The bankers well maintain the account, and as per the client’s requirement, the money automatically transfers to the account. Customers predetermine the average amount to be kept in the saving or current account, and any amount over and excess is invested in the money market. The excess amount in the sweep account is also easily liquidated. Sometimes there can be a situation that the amount falls short in the main account, and that time the proceeds which the customers earn form the investment in the money market can be used to maintain the accounts. The calculations and the adjustment should be made very carefully to maximize the utility of the mechanism of this special account type.

Example of Sweep Account

Let’s say, Mr. Russell opted for a sweep account facility with the bank. He has a savings account that has a threshold limit of $ 5,000. The savings account interest was approx 2 % per annum. On 1st December 2019, he has $ 2,000 in his account, and on that, he has continued to earn a 2 % interest that year. On 1st January 2020, he deposited a cheque of $ 2,000 to the bank and so now the fund in the account is $ 7,000. The extra amount from the threshold limit, i.e., $ 2,000, will be automatically invested in the money market and by which Mr. Russell can earn a higher return on his investment compared to the savings account.

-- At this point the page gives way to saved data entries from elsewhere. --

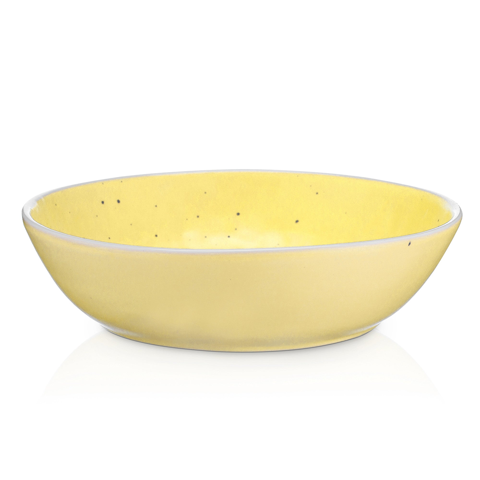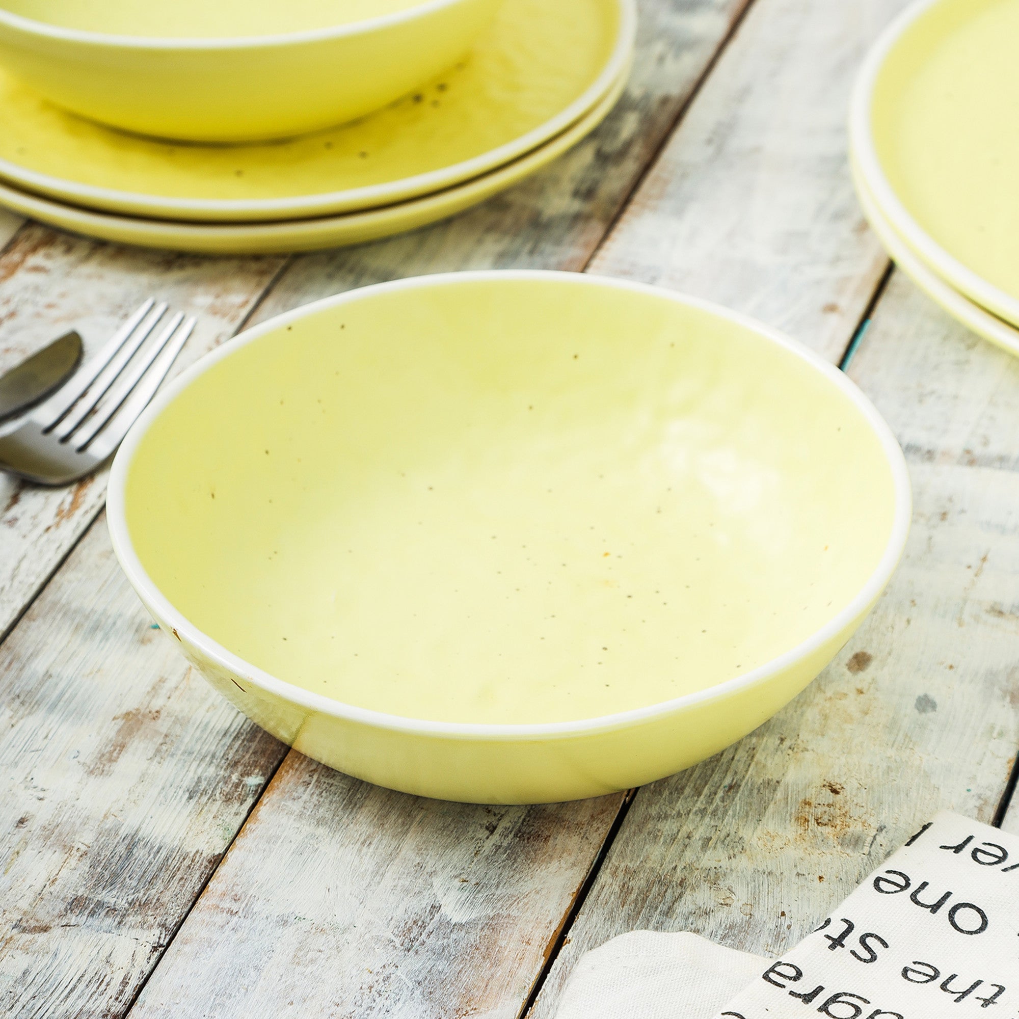 The bright, pale yellow (lemon yellow) exterior of the bowls is solid and even, creating a cheerful and inviting look. The interior features a unique rustic touch with subtle, scattered dark specks (black/brown), adding a vintage charm. The white (or off – white) contrasting rim not only adds visual clarity but also gives the bowls a polished finish.
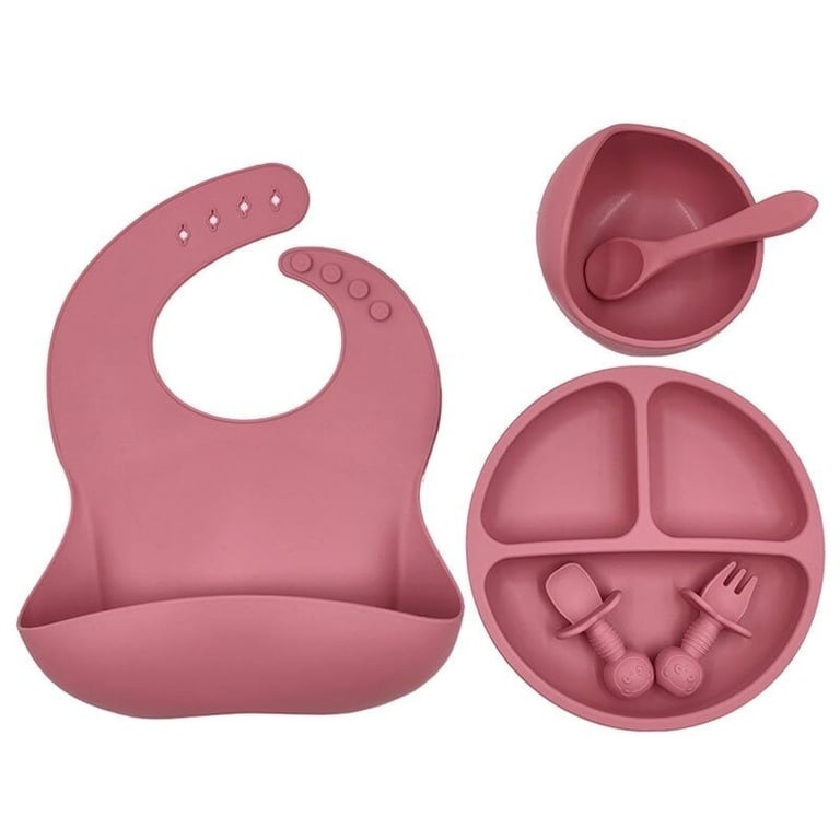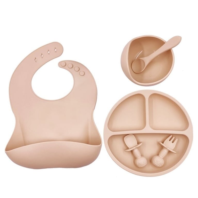 : 1x plate, 1x bowl, 1x fork, 1x spoon, 1x bib
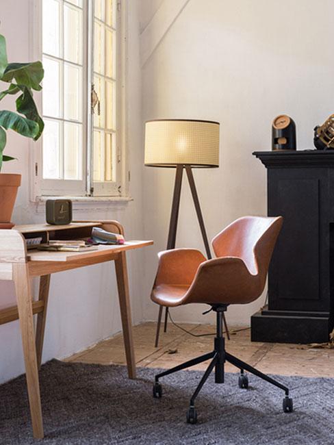 Sypialnia z drewnianą komodą, lampką oraz roślinami - dom rustykalny
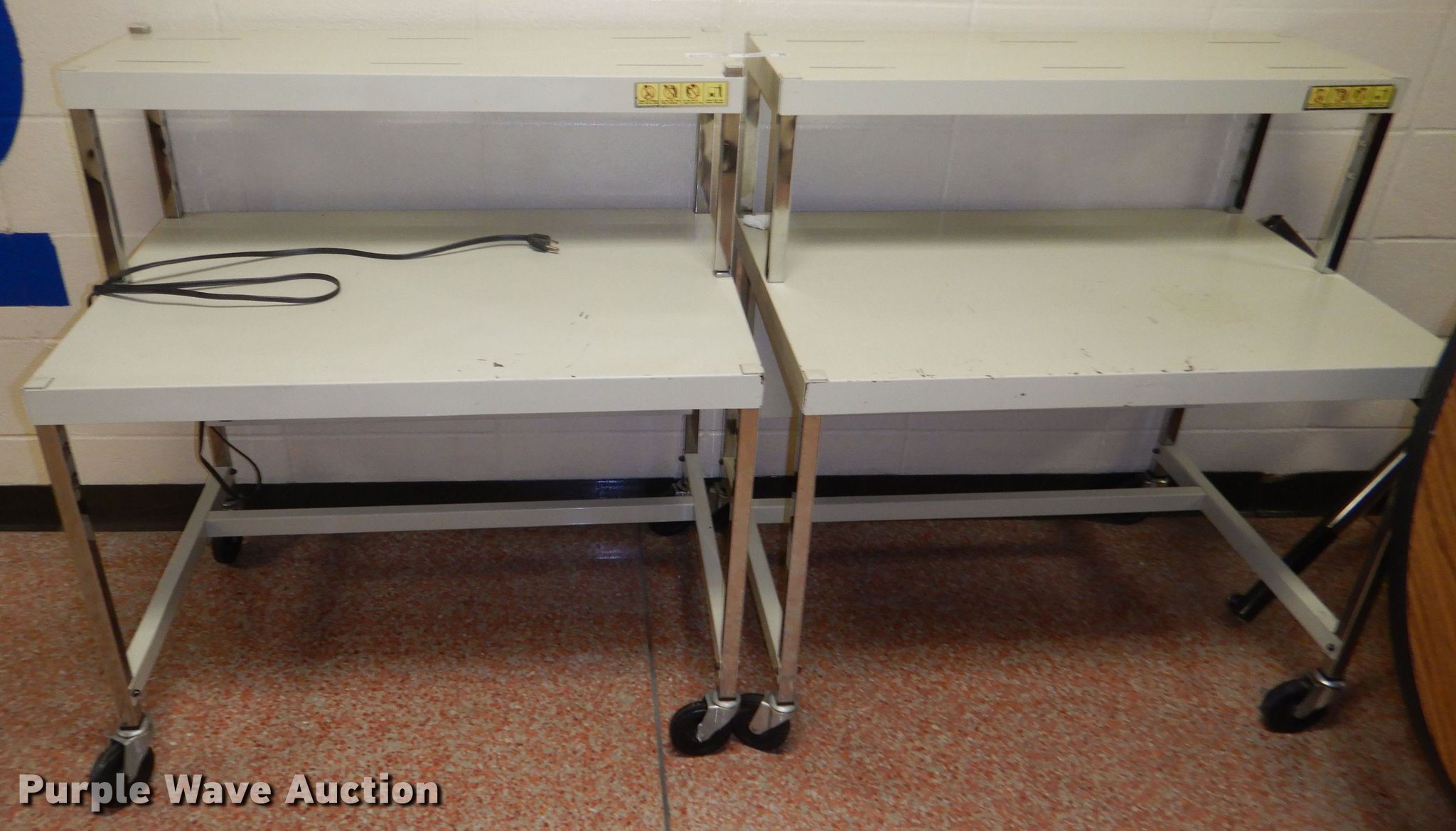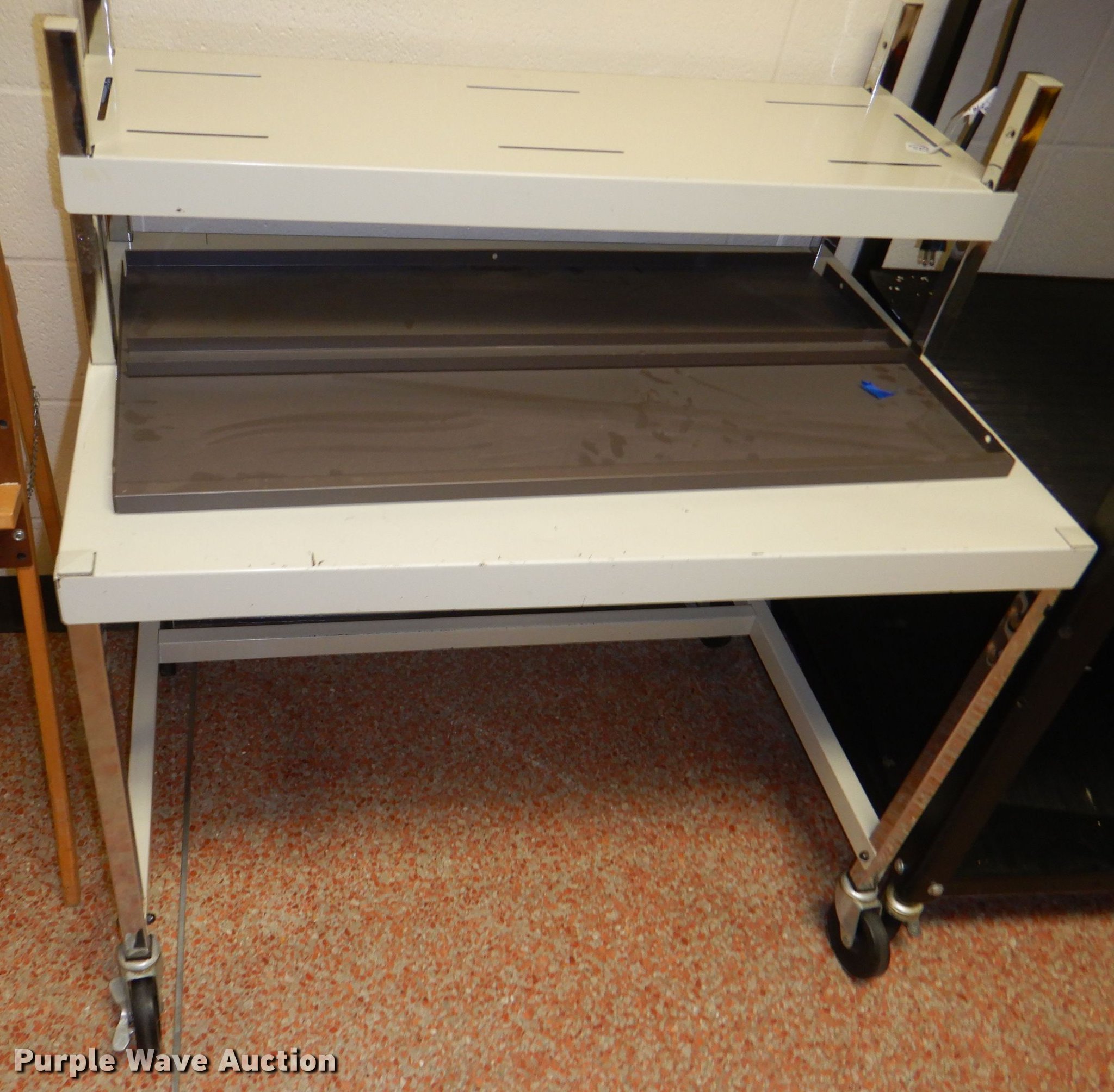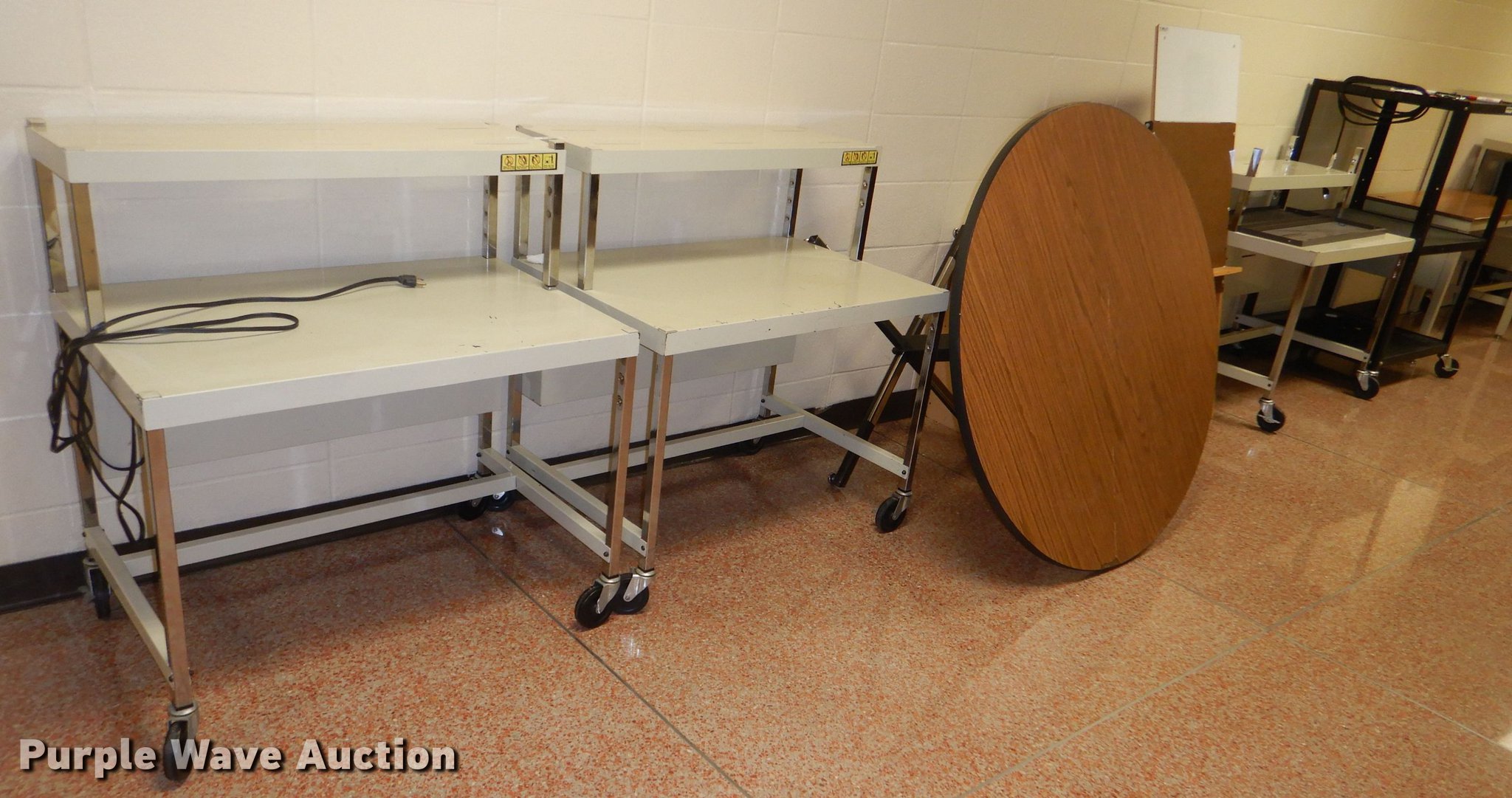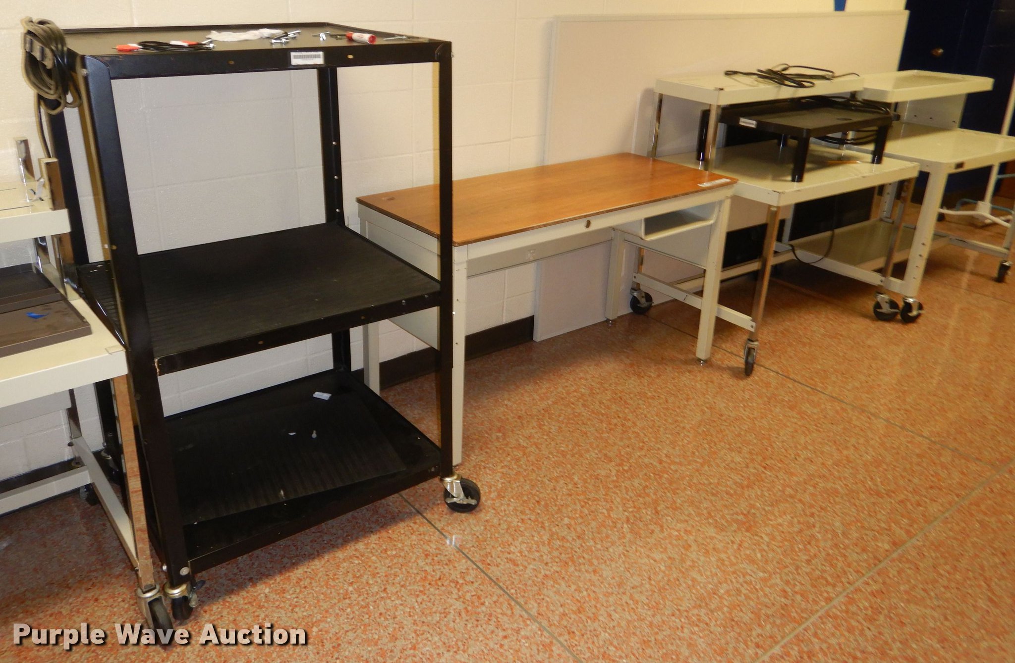 Purple Wave is selling a used Furniture in Kansas. This item is a Furniture with the following: (6) carts, Table, 4" diameter, Two drawer file cabinet, Easel, Desk, (2) wall boards

Difference between Sweep Account and Zero Balance Account

  • In a zero balance account, there is no minimum balance requirement, but in the case of a sweep account, there is a minimum balance requirement to continue the account.
  • The function of the zero balance account is to consolidate the cash balances of other accounts in a single entry for the clients. On the other hand, the sweep account helps to invest the excess money that is lying in the savings or current account of the customer to help them earn a higher return from the market.
  • The zero balance account disburses all the money from its account at the day end and thus making it the balance zero. Whereas, a minimum amount is required at any point in time in case of the sweep account.


  • This account transfers the excess fund automatically as per the client’s requirement.
  • This account also helps the savings account to maintain the threshold limit.
  • In case the funds fall short in the savings account, the proceeds from the investment are automatically used to maintain the minimum requirement of the account balance.
  • By this technique, the customer can earn a steady interest in their savings account, and the excess money is not idle in the accounts. It is further invested in the money market.
  • The money invested through this account in any investment schemes can easily be liquidated when required.



Banks provide special facilities to the customers to ease out their burden from the complex investment situations. Still, the customers should very well understand all the terms and conditions of this facility. The money market returns are no doubt higher than the regular savings account interest, but one has to be very careful while investing in this type of account.